» **DATA**
· · · · · · ·
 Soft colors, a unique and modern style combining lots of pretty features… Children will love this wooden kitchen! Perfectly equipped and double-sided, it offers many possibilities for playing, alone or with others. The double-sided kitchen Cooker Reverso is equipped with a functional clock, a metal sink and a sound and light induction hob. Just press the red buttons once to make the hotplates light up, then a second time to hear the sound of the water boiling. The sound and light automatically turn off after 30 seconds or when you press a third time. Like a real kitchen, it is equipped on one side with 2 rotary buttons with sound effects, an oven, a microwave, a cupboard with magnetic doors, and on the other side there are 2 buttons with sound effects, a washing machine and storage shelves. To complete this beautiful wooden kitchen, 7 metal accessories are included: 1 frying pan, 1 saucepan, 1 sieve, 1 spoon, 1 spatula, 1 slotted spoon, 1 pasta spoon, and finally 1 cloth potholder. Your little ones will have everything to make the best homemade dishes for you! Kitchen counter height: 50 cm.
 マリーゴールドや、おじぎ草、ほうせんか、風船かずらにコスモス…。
· · · · · · ·
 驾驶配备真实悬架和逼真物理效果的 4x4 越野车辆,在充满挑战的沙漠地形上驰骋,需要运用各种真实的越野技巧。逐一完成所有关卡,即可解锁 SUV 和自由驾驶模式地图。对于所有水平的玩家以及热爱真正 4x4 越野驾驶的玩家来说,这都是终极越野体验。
· · · · · · ·
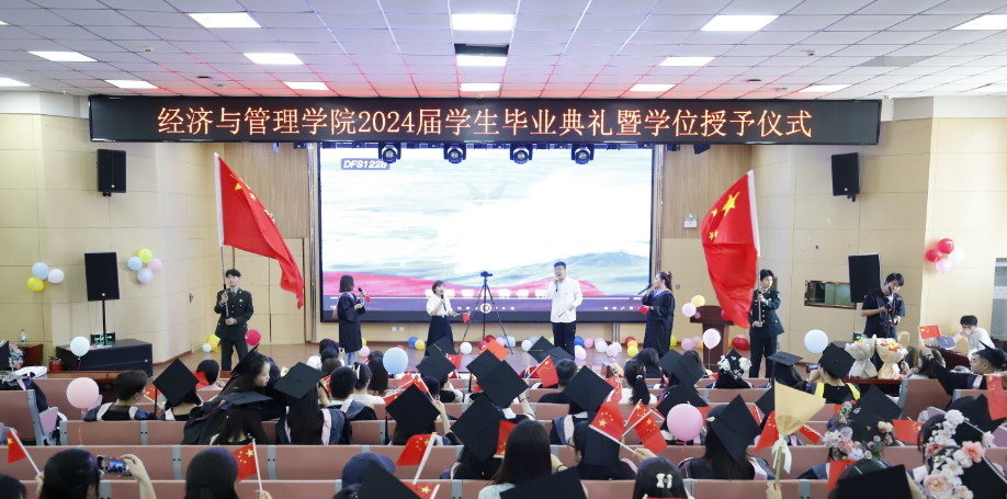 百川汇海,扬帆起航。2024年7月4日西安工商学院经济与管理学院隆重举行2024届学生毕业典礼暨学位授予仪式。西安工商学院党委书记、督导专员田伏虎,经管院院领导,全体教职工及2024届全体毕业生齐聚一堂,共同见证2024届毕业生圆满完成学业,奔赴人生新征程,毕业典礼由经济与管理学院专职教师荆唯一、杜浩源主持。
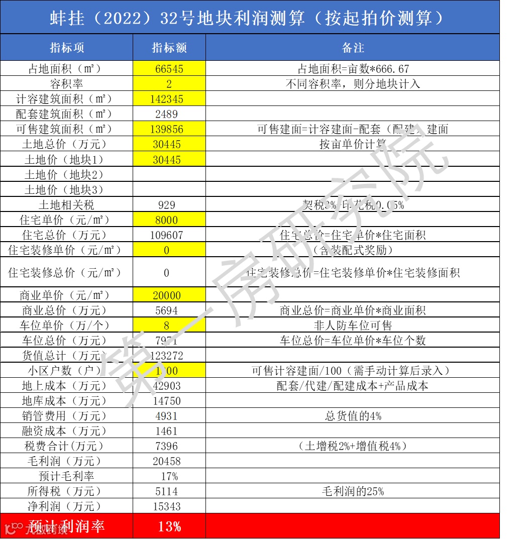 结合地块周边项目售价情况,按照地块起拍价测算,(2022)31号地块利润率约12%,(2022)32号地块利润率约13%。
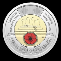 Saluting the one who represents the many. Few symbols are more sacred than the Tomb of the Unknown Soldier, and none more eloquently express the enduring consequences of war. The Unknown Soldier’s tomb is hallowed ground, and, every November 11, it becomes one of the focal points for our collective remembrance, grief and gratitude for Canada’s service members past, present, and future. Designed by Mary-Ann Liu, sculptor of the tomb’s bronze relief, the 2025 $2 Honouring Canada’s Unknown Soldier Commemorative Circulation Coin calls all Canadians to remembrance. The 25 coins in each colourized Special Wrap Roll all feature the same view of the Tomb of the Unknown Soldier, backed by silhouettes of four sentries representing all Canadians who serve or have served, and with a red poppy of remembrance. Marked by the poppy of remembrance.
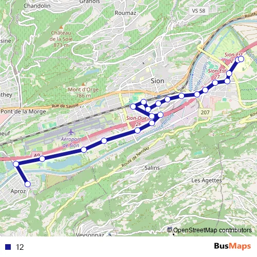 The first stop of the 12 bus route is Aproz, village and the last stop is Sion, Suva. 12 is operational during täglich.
· · · · · · ·
» **YOUR OBJECTIVE**
Starting with the line with "Soft colors, a" above and going on through the line with "マリーゴールドや、おじぎ草、ほうせんか、風船かずらにコスモス…。", transcribe every line exactly, both ends included, and add nothing.

» **FINISHED EXERCISE**
 Soft colors, a unique and modern style combining lots of pretty features… Children will love this wooden kitchen! Perfectly equipped and double-sided, it offers many possibilities for playing, alone or with others. The double-sided kitchen Cooker Reverso is equipped with a functional clock, a metal sink and a sound and light induction hob. Just press the red buttons once to make the hotplates light up, then a second time to hear the sound of the water boiling. The sound and light automatically turn off after 30 seconds or when you press a third time. Like a real kitchen, it is equipped on one side with 2 rotary buttons with sound effects, an oven, a microwave, a cupboard with magnetic doors, and on the other side there are 2 buttons with sound effects, a washing machine and storage shelves. To complete this beautiful wooden kitchen, 7 metal accessories are included: 1 frying pan, 1 saucepan, 1 sieve, 1 spoon, 1 spatula, 1 slotted spoon, 1 pasta spoon, and finally 1 cloth potholder. Your little ones will have everything to make the best homemade dishes for you! Kitchen counter height: 50 cm.
 マリーゴールドや、おじぎ草、ほうせんか、風船かずらにコスモス…。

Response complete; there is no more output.